### Collected data:
▼

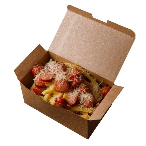Хрустящий картофель фри, колбаски полукопченые, сыр Пармезан.
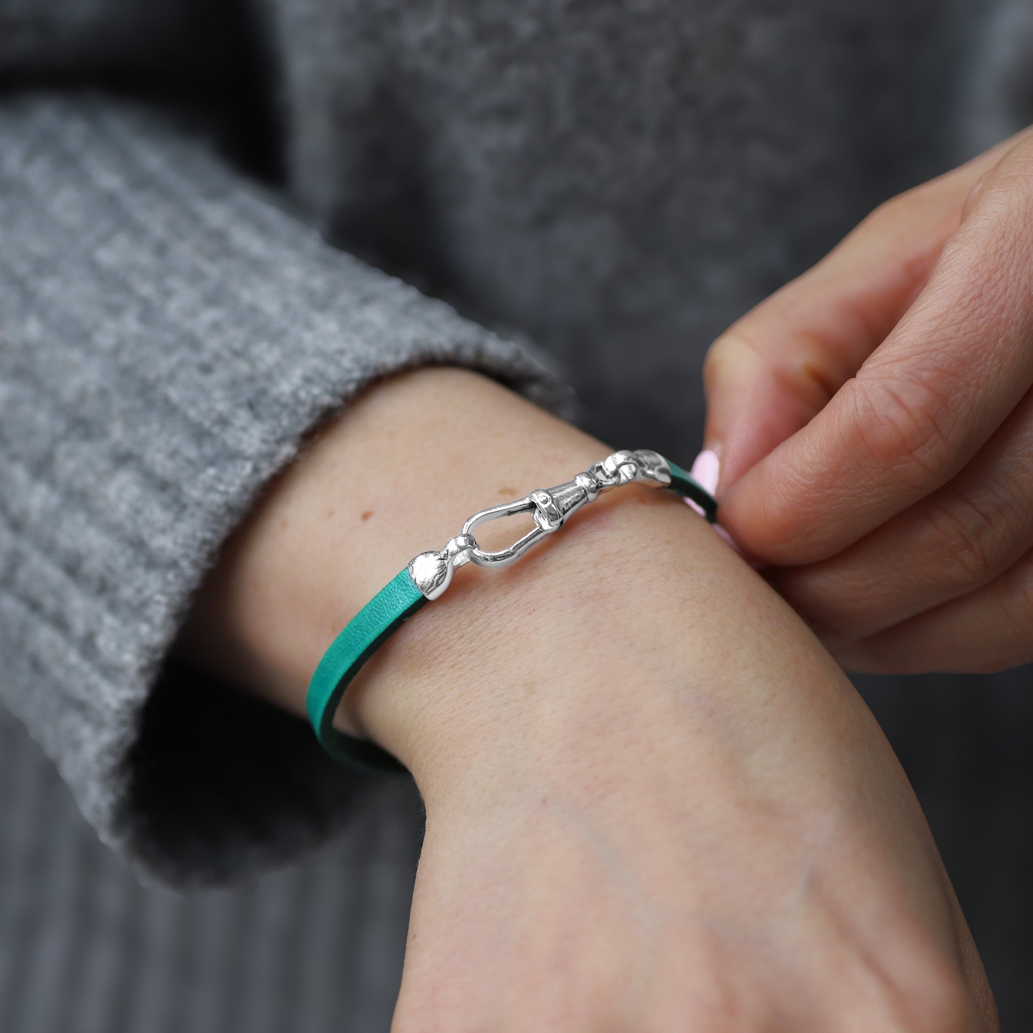 Sterling Silver & Green Leather Bracelet - Albert Clasp
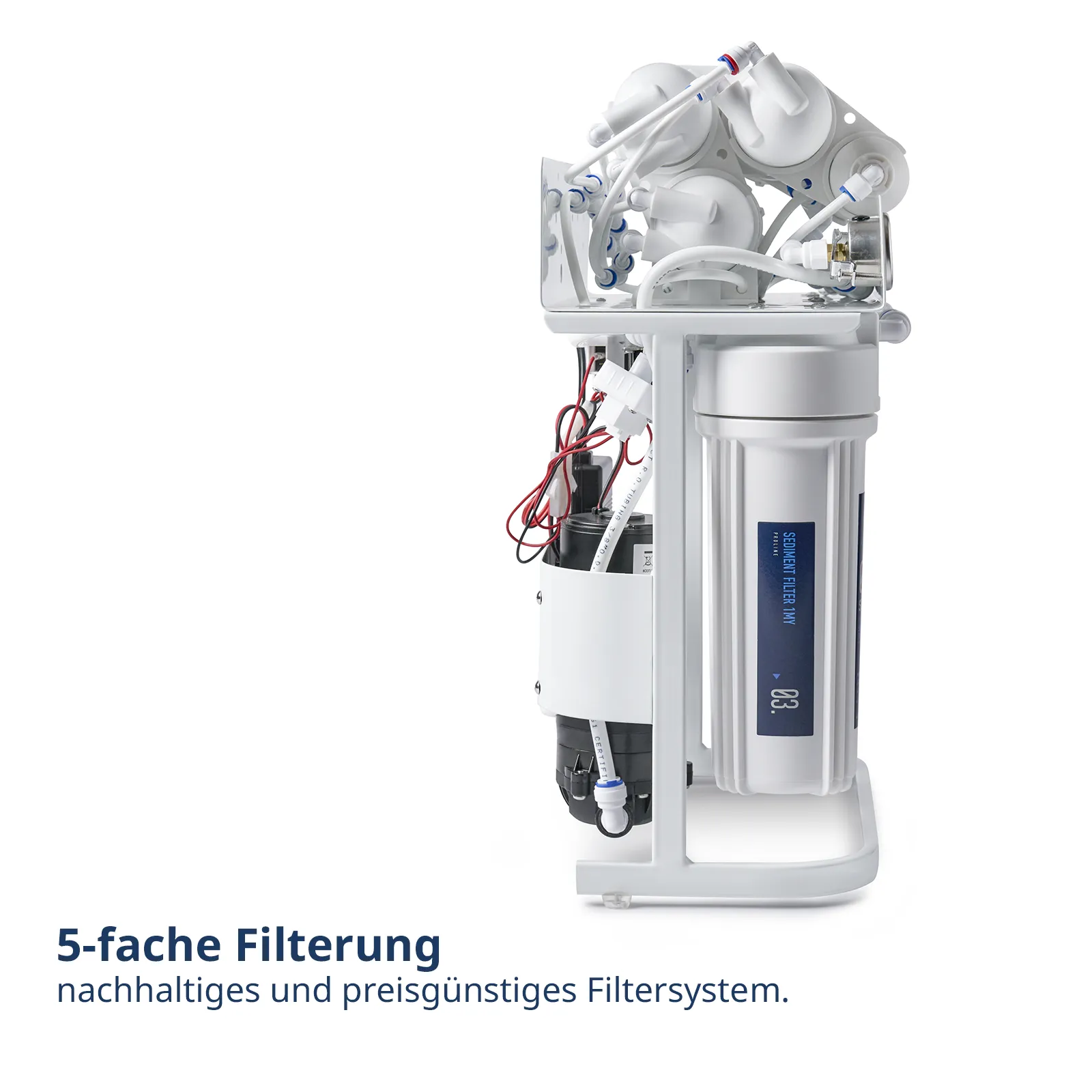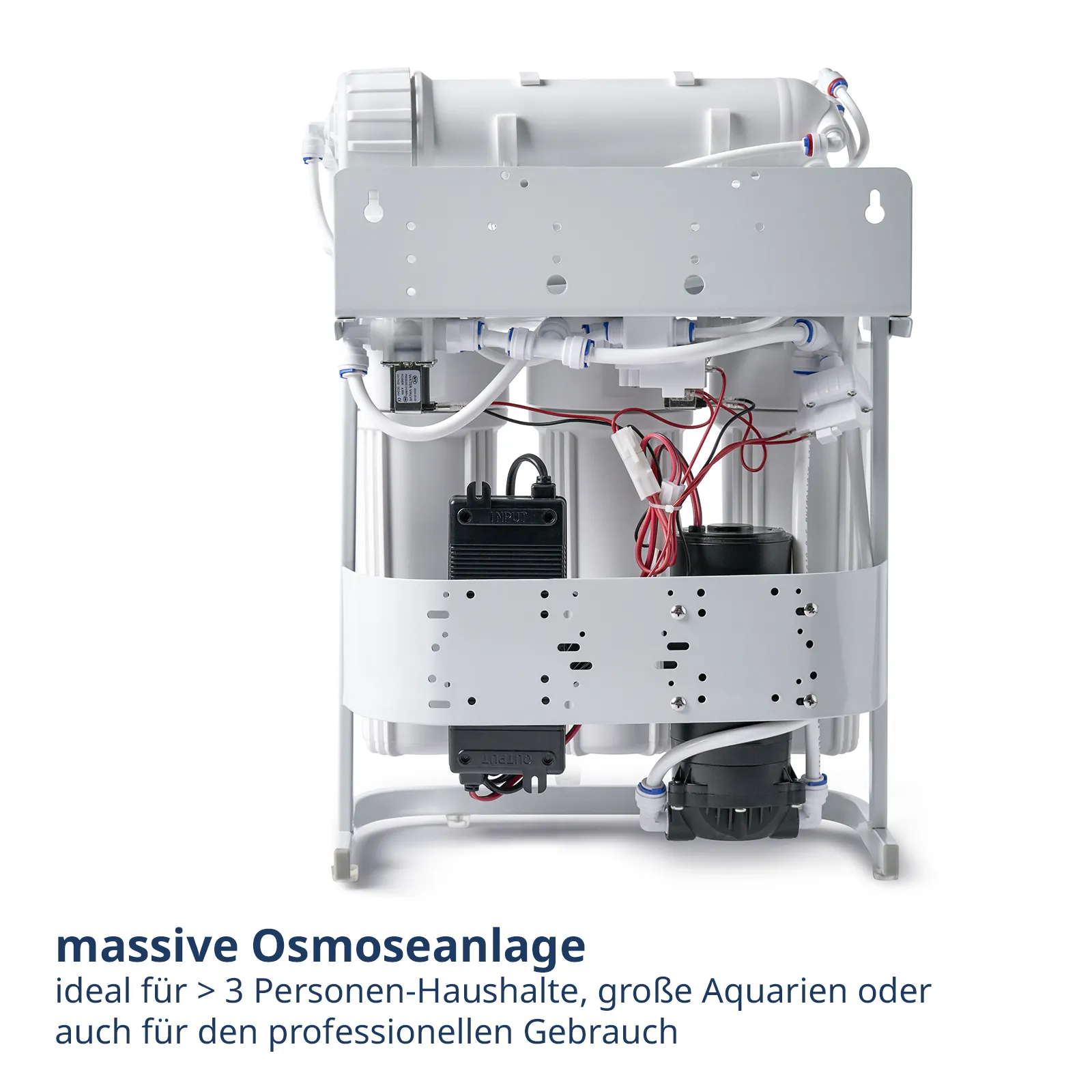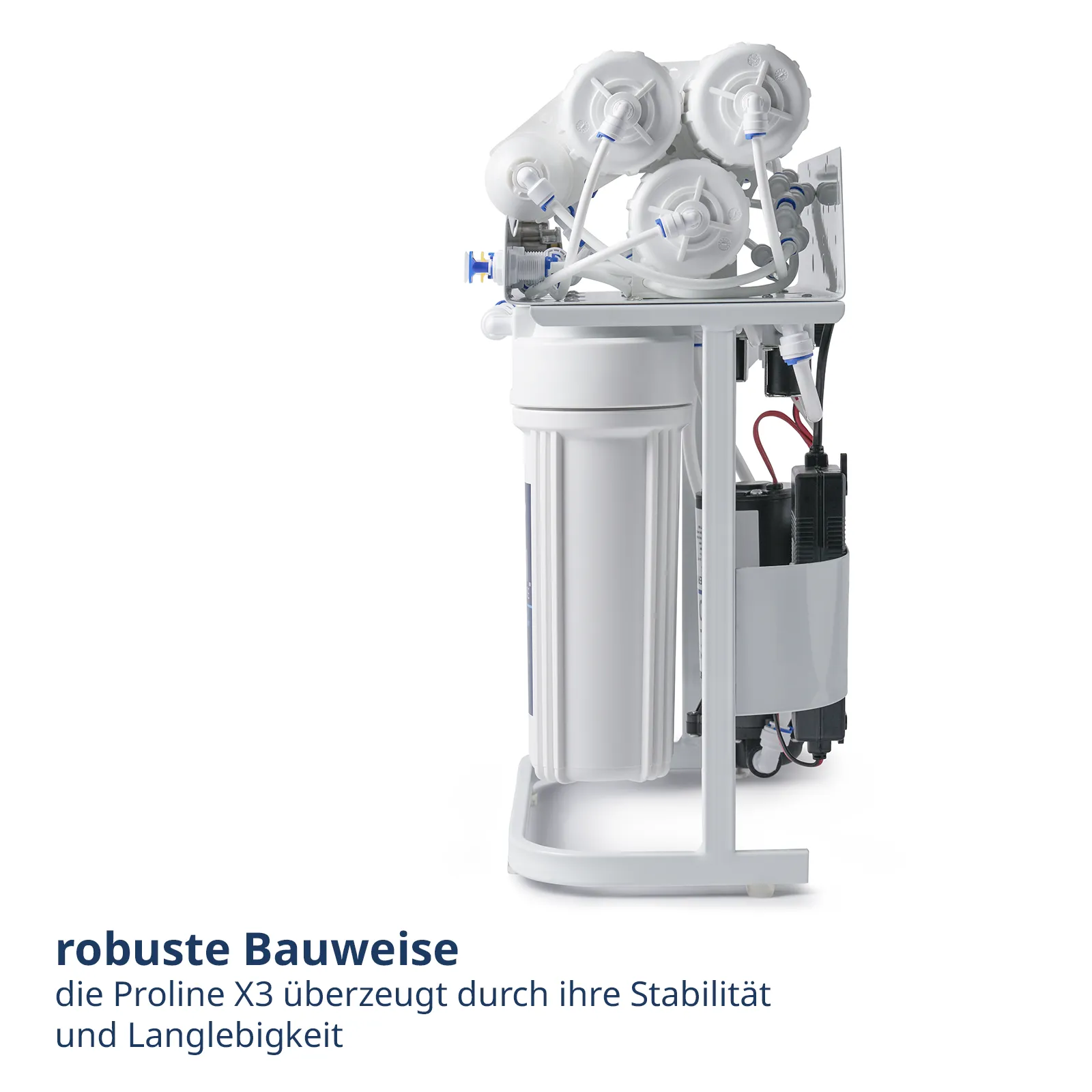 Bei der Proline X3 750 wurde speziell bei der Technik viel Hand angelegt. Alle Komponenten sind für lange Einsätze und ein hartes Umfeld konzipiert. Seien es die extradicken Filter - und Membrangehäuse oder das verschweißte Stahlgestell, Standfestigkeit und Zuverlässigkeit waren oberstes Gebot bei der Entwicklung. Ein besonderes Augenmerk liegt dabei auf der robusten Hochleistungs-Pumpe für lange Einsatzzeiten und ohne Wartungsintervalle. Sie erhöht die Effizienz und Geschwindigkeit der Proline X3 750 durch einen optimalen Betriebsdruck der in Echtzeit auf dem Manometer abgelesen werden kann. Zusätzlich ist die Proline X3 750 mit einem manuellem Spülventil ausgestattet. Damit spült sich die Osmoseanlage vor und nach jedem Gebrauch automatisch und erhöht damit die Wasserqualität und Lebensdauer der Filter!

▲

Leave out every picture and copy verbatim the lines running from the line containing "Sterling Silver &" through the final line of the data.

### Solution to the exercise:
 Sterling Silver & Green Leather Bracelet - Albert Clasp
 Bei der Proline X3 750 wurde speziell bei der Technik viel Hand angelegt. Alle Komponenten sind für lange Einsätze und ein hartes Umfeld konzipiert. Seien es die extradicken Filter - und Membrangehäuse oder das verschweißte Stahlgestell, Standfestigkeit und Zuverlässigkeit waren oberstes Gebot bei der Entwicklung. Ein besonderes Augenmerk liegt dabei auf der robusten Hochleistungs-Pumpe für lange Einsatzzeiten und ohne Wartungsintervalle. Sie erhöht die Effizienz und Geschwindigkeit der Proline X3 750 durch einen optimalen Betriebsdruck der in Echtzeit auf dem Manometer abgelesen werden kann. Zusätzlich ist die Proline X3 750 mit einem manuellem Spülventil ausgestattet. Damit spült sich die Osmoseanlage vor und nach jedem Gebrauch automatisch und erhöht damit die Wasserqualität und Lebensdauer der Filter!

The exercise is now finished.